C++ typedef member function signature syntax

I want to declare type definition for a member function signature. Global function typedefs look like this:

typedef int (function_signature)(int, int);
typedef int (*function_pointer) (int, int);

But I’m not able to the same thing for a member function:

typedef int (foo::memberf_signature)(int, int);   // memberf_pointer is not a member of foo
typedef int (foo::*memberf_pointer)(int, int);

It sounds logically to me, because foo:: is the syntax to access a member in the class foo.

How can I typedef just the signature?

Answer

For questions regarding the awkward function pointer syntax, I personally use a cheat-sheet: The Function Pointers Tutorial (downloadable here, thanks to Vector for pointing it out).

The signature of a member function, however, is a bit different from the signature of a regular function, as you experienced.

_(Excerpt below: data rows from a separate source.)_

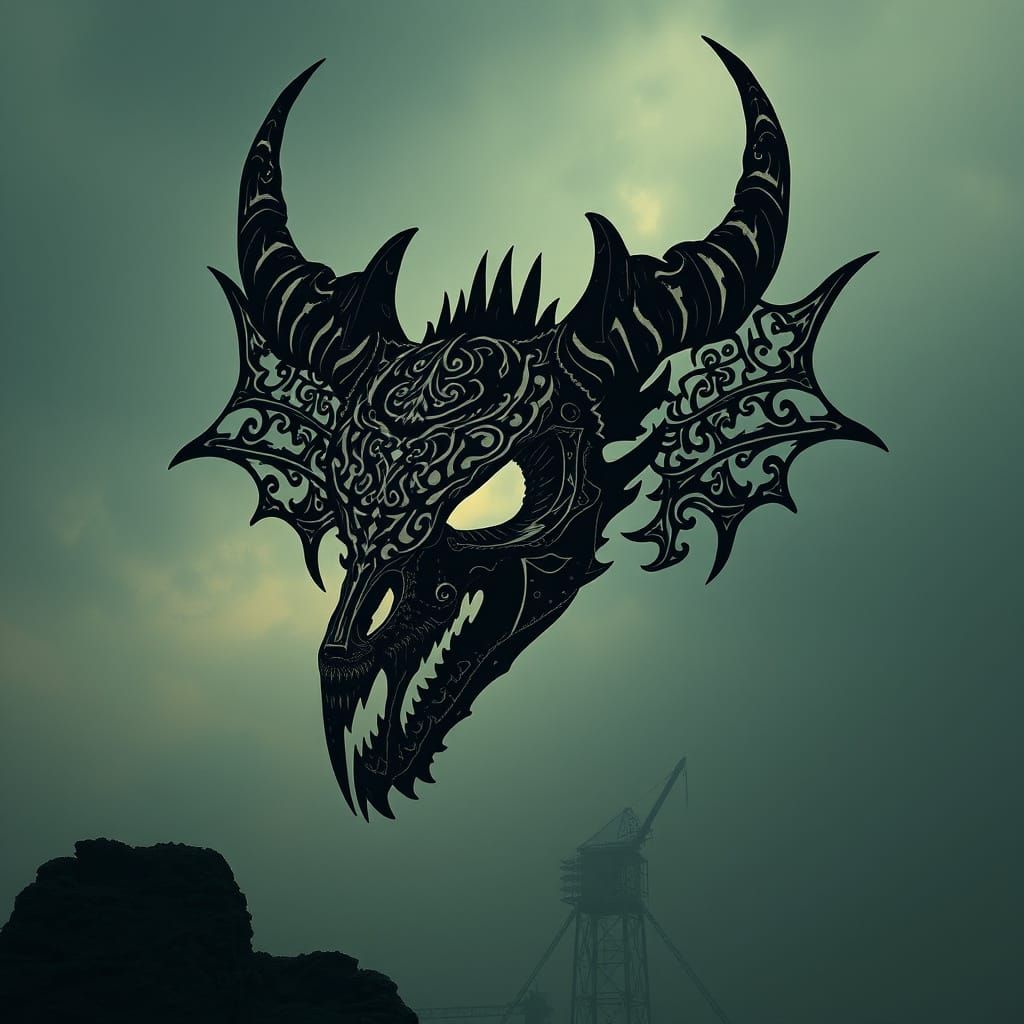 A striking picture of a horned dragon skull silhouette. Dovahzul runic motifs adorn the skull, set against a dark, mystical backdrop in a monolithic portrait, with a dark, mystical, and ancient atmosphere.
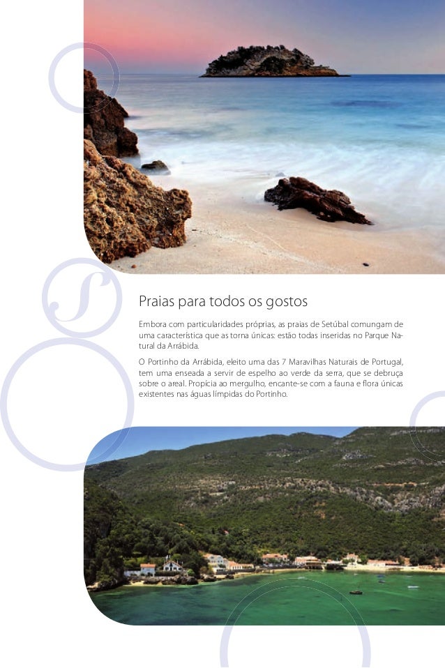 3. 3. Praias para todos os gostos Embora com particularidades próprias, as praias de Setúbal comungam de uma característica que as torna únicas: estão todas inseridas no Parque Natural da Arrábida. O Portinho da Arrábida, eleito uma das 7 Maravilhas Naturais de Portugal, tem uma enseada a servir de espelho ao verde da serra, que se debruça sobre o areal. Propícia ao mergulho, encante-se com a fauna e flora únicas existentes nas águas límpidas do Portinho.
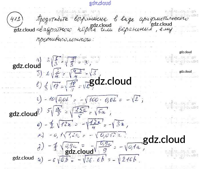 Ответ на задание 412 Учебник Алгебра за 8 (восьмой) класс Макарычев, Миндюк, Нешков, Суворова 2016

As you probably know, a member function has a hidden parameter, this, whose type need be specified.

// C++11 and above.
using Member = int (Foo::*)(int, int);

// C++03 and below.
typedef int (Foo::*Member)(int, int);

does let you specify that the first element passed to the function will be a Foo* (and thus your method really takes 3 arguments, when you think of it, not just 2.

However there is another reason too, for forcing you to specify the type.

A function pointer might refer to a virtual function, in which case things can get quite complicated. Therefore, the very size of the in-memory representation changes depending on the type of function. Indeed, on Visual Studio, a function pointer’s size might vary between 1 and 4 times the size of a regular pointer. This depends on whether the function is virtual, notably.

Therefore, the class the function refers to is part of the signature, and there is no work-around.